Carapace (ˈkarəˌpās), Noun:
A hard shell on the back of an animal.
An attitude that someone has developed as a protection against other people.
Merriam-Webster
CHAPTER 1
KHARA
It’s a ninety-five degree afternoon as stifling as sex under a rhino. Got to be a hundred percent humidity, maybe a hundred and ten. I can barely breathe the thick air. I’m just finished with my latest session, clothes stuck to my skin, waiting for my dismissal. My back presses against the rough-brushed chrome doorway of Dominique’s Bar. I suck in a full breath in preparation for the final kiss.
I guess calling it a kiss is a pretty gross misnomer – I did my fair share of kissing when there were just humans around, and I remember the difference. When I think about it all. Which I don’t.
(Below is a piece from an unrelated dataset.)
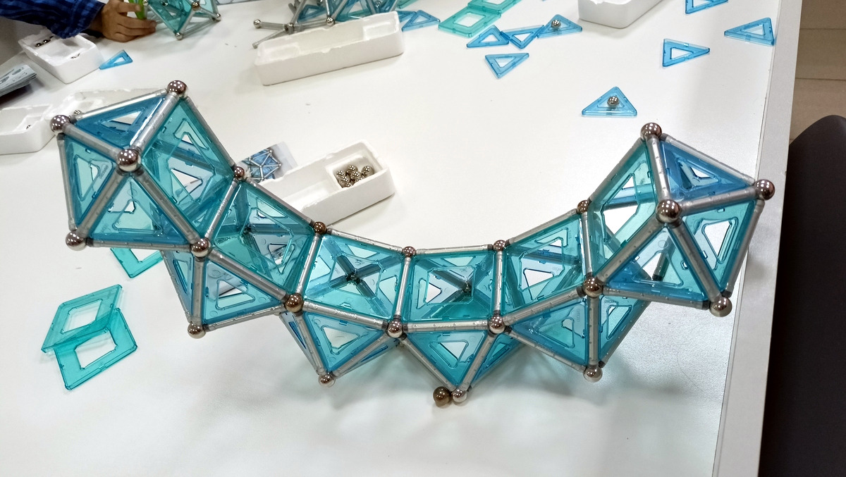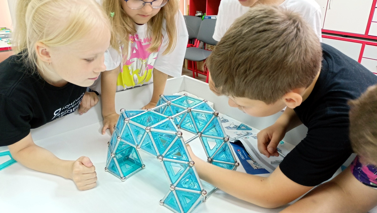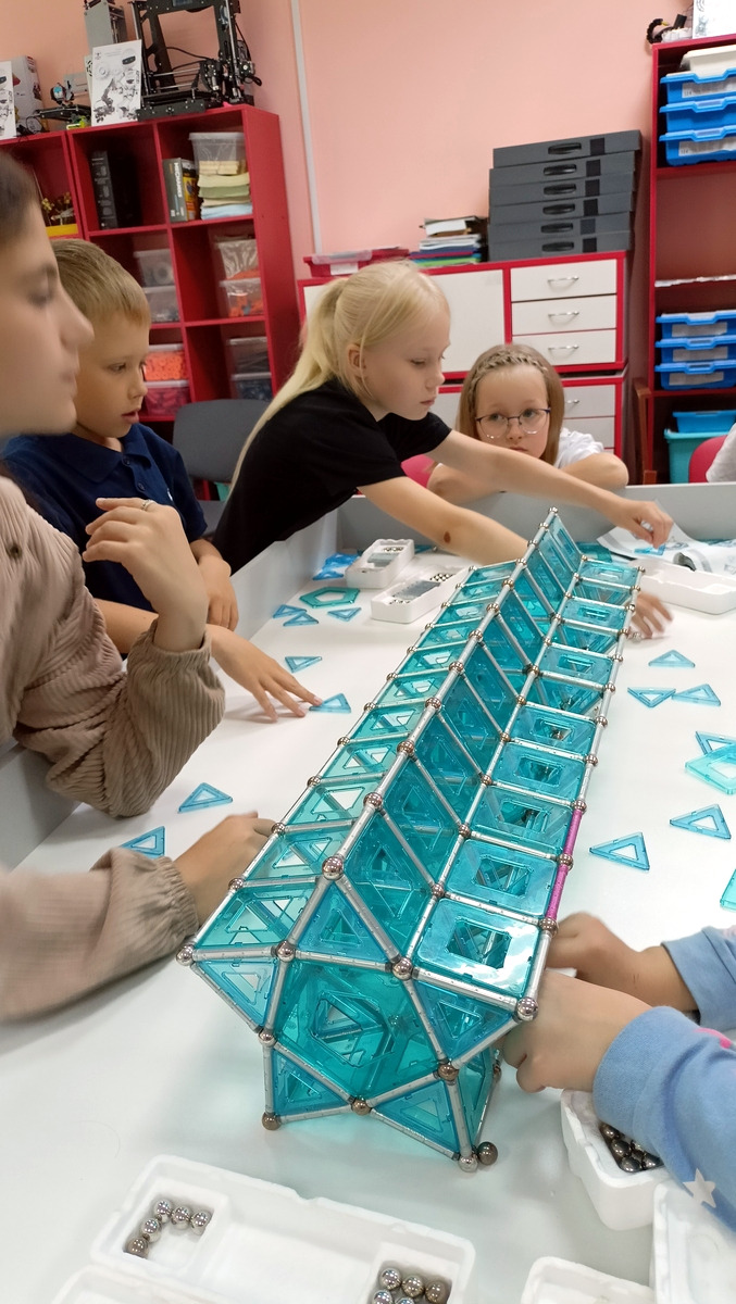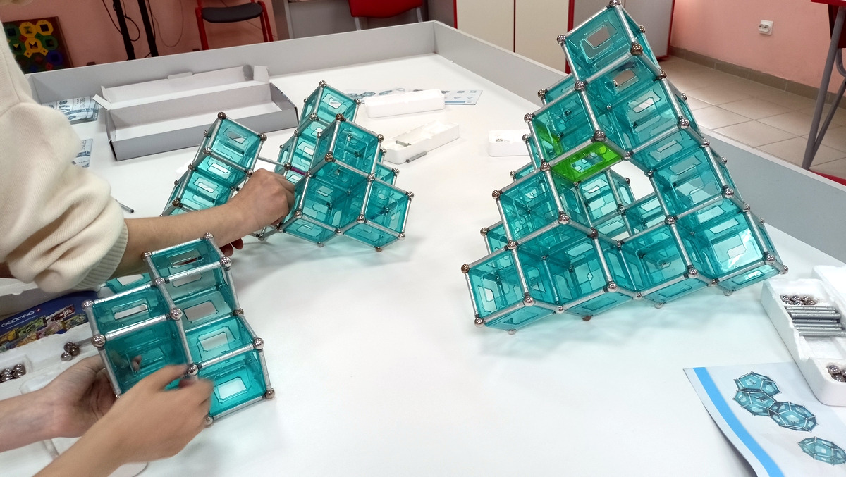 Работа шла в командах, где каждый собирал свои фрагменты, а потом надо было всем объединить свои усилия и построить что-то большое. В итоге получались очень интересные и впечатляющие строения.

Deep throat kiss from an alien named Ilnok – my master, my provider, he gives me hits of the drug I need to get through my horrible, endless days. He kisses me and sucks the last of the sugary sweetness from my stomach, sweetmead that I drink because he loves to suck it out. My head arches back as he towers two feet above me. His four jointed limbs wrap around me; his hard black shell presses against my breasts. I close my eyes to the sight of his mandibles open and against me. I close my eyes rather than look into the lidless, oil-slick facetted eyes. My squeezed-shut lids don’t keep me from feeling his cat-tongue-textured palpus against my tongue, the end of his palpus slithering down my throat. I’ve long since learned to stifle my gag reflex. The drug I took at the beginning of this session has worn off, and I’m near the end of my ability to cope with this crap – not that I have a choice. He finally breaks loose and goes back in. I’m dismissed.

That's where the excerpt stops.